Closer to home, the case of GM v KZ [2017] EWFC 73 concerned an applicant's application for an order pursuant to Article 11(6)-(8) of Brussels II bis. In that matter, two children had been removed from England to Poland by the mother in the midst of proceedings in the Brighton Family Court. The father's applications for a return order were refused by the Polish Court on curious jurisdictional grounds. In that matter, Mostyn J noted:

"I have, with great regret and much anxiousness, reached the conclusion that in this case [the Polish Judge] has strained the facts beyond their acceptable and normal meaning in order to reach a conclusion which justifies the Polish Court exercising jurisdiction over these children."

He went on to order the children's return, on the basis that his return order should be swiftly enforced by the Polish authorities.

Of course, delay is not something unique to the Courts of Poland within child abduction and international enforcement proceedings; far from it. It creeps into proceedings across states, and of course there are cases of this nature currently ongoing before the High Courts of England and Wales that have been deliberated upon and appealed for months and even years.  Ms Kaminska is sadly not the only person to have experienced delay to the point at which it impacts upon the swift execution of a return order.  That notwithstanding, the fundamental tenets of Brussels II bis and the Hague Convention are inter-judicial and inter-state co-operation. Whilst respecting the laws of each signatory state, the theme of international co-operation strikes at the very heart of child abduction proceedings; if judges cannot rely upon what a brother or sister judge abroad should do in a signatory state, the ability to make return and non-return orders can be seriously undermined.

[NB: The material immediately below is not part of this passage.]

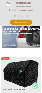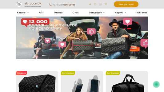 | AI-анализ | --- The web project elcrucce.by offers automobile organizers, auto trunks, bags, and accessories for purchase in Minsk. The project includes a catalog, consultations, and actions. Products include various types of auto trunks (Premium, Standard, Economy), road bags, shoppers, and various accessories such as a notebook bag, rucksacks, waist-worn bags, document folders, protective covers, car seats for dogs, and gift sets. The site also includes an FAQ section, return and payment policies, and delivery and contact information. Currently, there are promotions for a car trunk in the baggage compartment for 59 BYN, protective covers for 30-35 BYN, a road bag for 80-85 BYN, a document folder for 35-40 BYN, a waist-worn pad for |
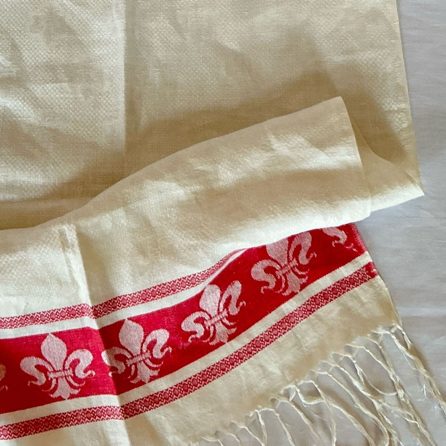 Towel with red and white woven design and fringe on both ends. Fleur-de-lis design in red and white at each end and woven through the towel

With an eye on the future, perhaps some solace can be taken from the proposals for the recast Brussels II bis arrangements.  The European Commission has already put forward a proposal that seeks to hit this nail on the head; namely, limiting the chain of appeals to one stage, and setting an 18-week timeframe for the whole process.  This would ensure that Member States have six weeks to substantively determine abduction applications, with a further six weeks to determine any further appeals, and a further six weeks for enforcement to take place.  Let us hope that, over time, cases such as Kaminska are confined to the history books. Until then, practitioners will need to keep aware of the requirement to deal with matters expeditiously, not only by seeking orders in both countries, but where necessary, relying upon inter-judicial co-operation and Family Liaison Judges.